Christy Tezak, managing director of ClearView Energy Partners, said the FERC policy could be overturned in court, or the regulatory debate could continue for many months. Asked what advice her firm was giving clients, she said, “The unfortunate advice is be cautious in how this is going to play out.”

Travis Kavulla, vice president for regulatory affairs at Princeton, N.J.-based energy retailer NRG Energy Inc., said, “It’s time to be clear that these are not so much clean energy policies [in the states] as they are particular bailouts and subsidies for individual facilities that ignore the best principles of markets as they might be applied to clean energy resources.”

Former FERC Commissioner Tony Clark, attending the NARUC conference, said FERC is in the position of the Dutch boy in the children’s story who stuck his finger into a hole in a dike to stop water from pouring through. Except that FERC doesn’t have enough fingers, he added.

“States are creating more and more subsidies and solutions to try to pick the resources they want,” he said. “At some point, if it keeps going on the trajectory it’s on now and FERC is trying to maintain some sort of pricing integrity in the market, eventually you probably reach a point where the capacity construct comes apart.

“I don’t mean that capacity markets will go away altogether, but the [daily] energy market will be where the bulk of the money goes to pay for generation,” he said.

Anthony O’Donnell, member of the Maryland Public Service Commission, told the panel, “States are never going to cede their sovereign authority” to PJM or FERC.

As if to underscore his point, a collection of 21 Capitol Hill lawmakers, mostly Democrats from states under the PJM umbrella, wrote to the grid operator last week urging it to delay the 2021 capacity auction until a more durable consensus emerges.
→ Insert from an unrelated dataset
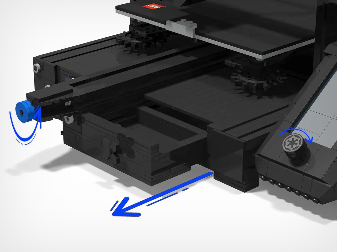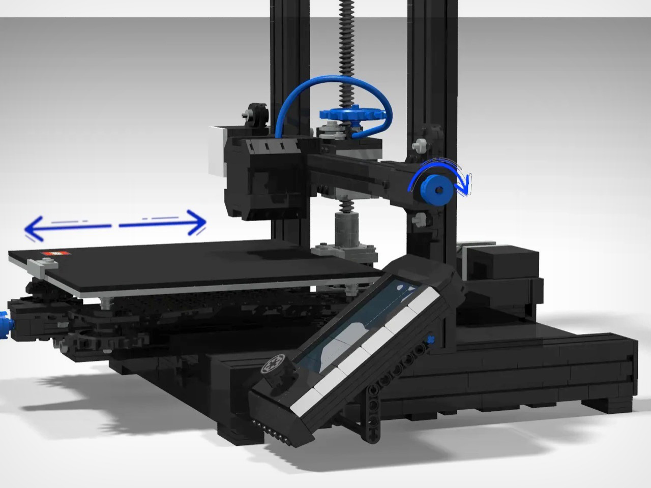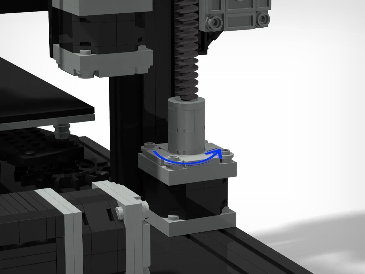 La plaque de construction est placée sur un assemblage d’axe Y avec son propre mécanisme à vis à rouleaux, et on trouve même un logo LEGO sur la plaque de construction, comme un branding parfaitement placé.

The letter marks the second such intervention from Democrats upset with the changes to the proposal (Greenwire, Jan. 29).

“Giving states in your network a year to understand how this decision will impact them will help mitigate any disruption to the capacity market,” the lawmakers said. “It will also give FERC time to respond to your recent request that they reconsider parts of their decision.”

The letter was led by Sen. Tammy Duckworth (D-Ill.) and Rep. Cheri Bustos (D-Ill.), both from the state with a zero-emission credit program to boost nuclear that has been cited as a key example of the motivation for FERC to undercut state-backed energy sources.

Collapse coming?

In an analysis made public last week, S&P Global Market Intelligence noted PJM’s capacity market “could see a collapse in pricing if four states with aggressive climate goals choose to leave that market in response to rule changes aimed at countering the impact of state subsidies for clean energy resources.”

PJM’s rules allow states to exit the future market while remaining in the real-time bidding to supply current electricity demand. If they quit the capacity market, states would have to purchase future capacity commitments through contracts with generators, the analysts noted.

The S&P analysts cited a report by ICF International predicting that if no states left the capacity market, prices in PJM for future energy supplies would increase 25% to 30%. But if Maryland, Virginia, Illinois and New Jersey abandoned the capacity market, PJM capacity prices could fall by the same amount, ICF reported.

PJM executive Asim Haque, another panel member, said the organization was churning away to produce the implementation plan for the minimum offer price rule that FERC requires. But defections from the capacity market would not shake the organization, he added.

“We are talking about a portion of a portion of a portion of the overall PJM value proposition,” he said.

Tezak said there is a fix available to Congress. “Ideally, if there was a national price on carbon, that would solve the problem, but we don’t look to be heading in that direction anytime soon,” she told the audience. Instead, among PJM’s 13 member states and the District of Columbia, there are 14 different opinions about what to do.

“The devil is in the details. Pardon me if I don’t hold my breath,” she said.